EXERCISE GOAL: The listing is to be transcribed in full, with its images left out.

DATA EXCERPT:

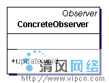具体观察者角色的实现其实只涉及update()方法的实现。这个方法怎么实现与应用密切相关,因此本类只给出一个框架。
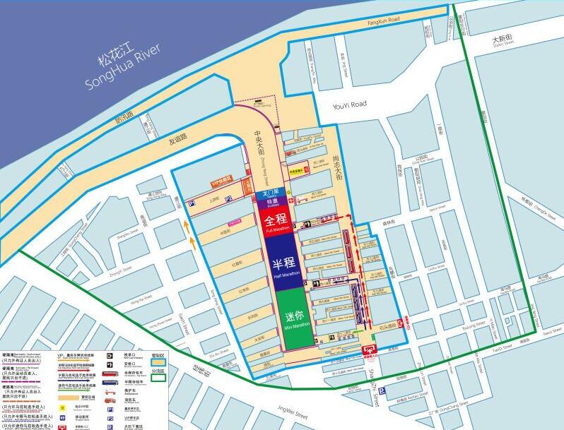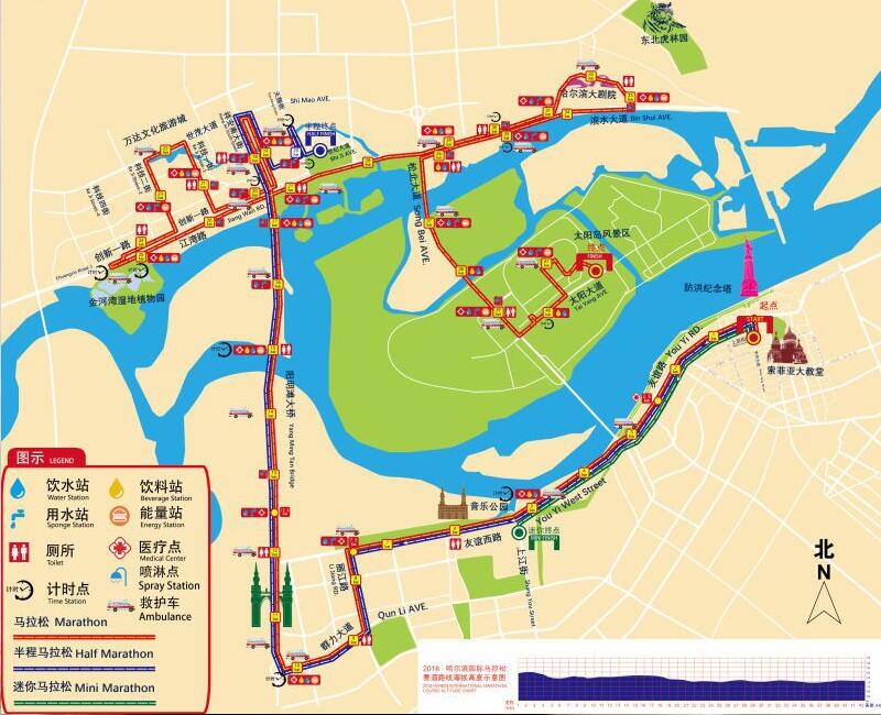 (二)半程馬拉松賽(21.0975公裡):中央大街、友誼路、友誼西路、麗江路、群力大道、陽明灘大橋、祥安南大街(右轉折返至東側輔路)、世紀大道、天翔街(折返)、世紀大道、市政府廣場(終點)。
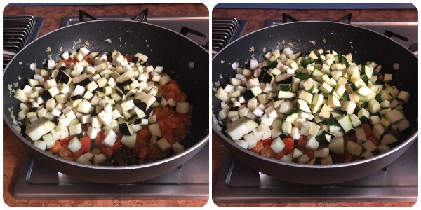 • Voeg dan de aubergine en courgettes toe en bak nog vijf minuten.
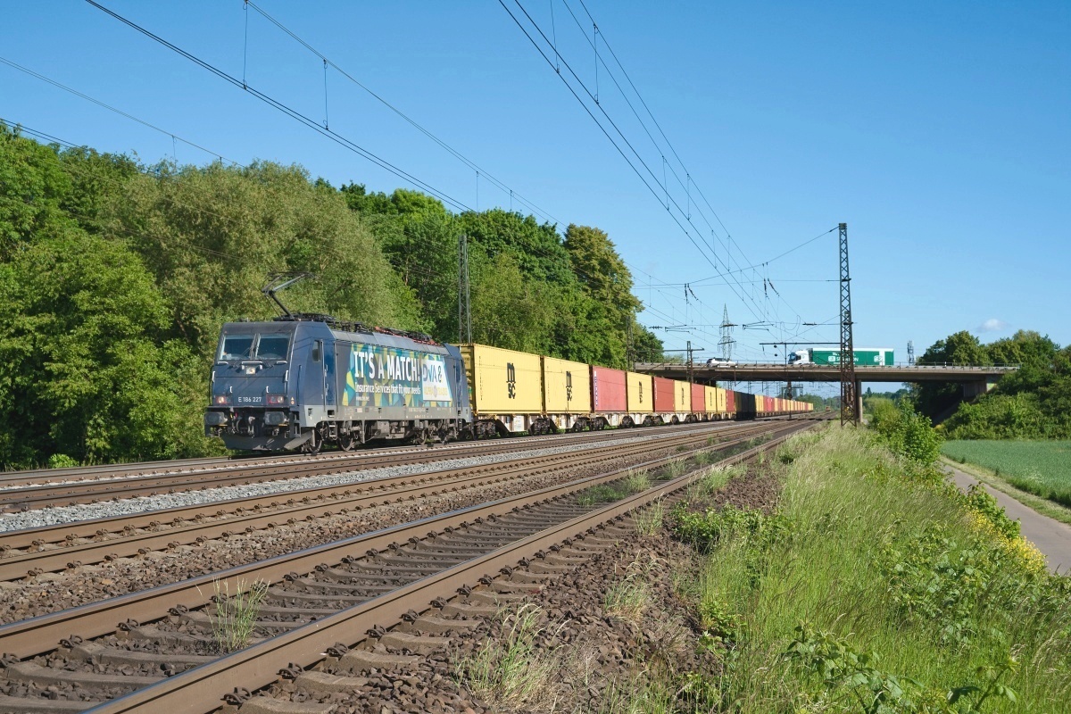 war hier am 16.05.2025 bei Porta-Westfalica (HPTH) mit dem Containerzug DGS

RESULT OF THIS TASK:
具体观察者角色的实现其实只涉及update()方法的实现。这个方法怎么实现与应用密切相关,因此本类只给出一个框架。
 (二)半程馬拉松賽(21.0975公裡):中央大街、友誼路、友誼西路、麗江路、群力大道、陽明灘大橋、祥安南大街(右轉折返至東側輔路)、世紀大道、天翔街(折返)、世紀大道、市政府廣場(終點)。
 • Voeg dan de aubergine en courgettes toe en bak nog vijf minuten.
 war hier am 16.05.2025 bei Porta-Westfalica (HPTH) mit dem Containerzug DGS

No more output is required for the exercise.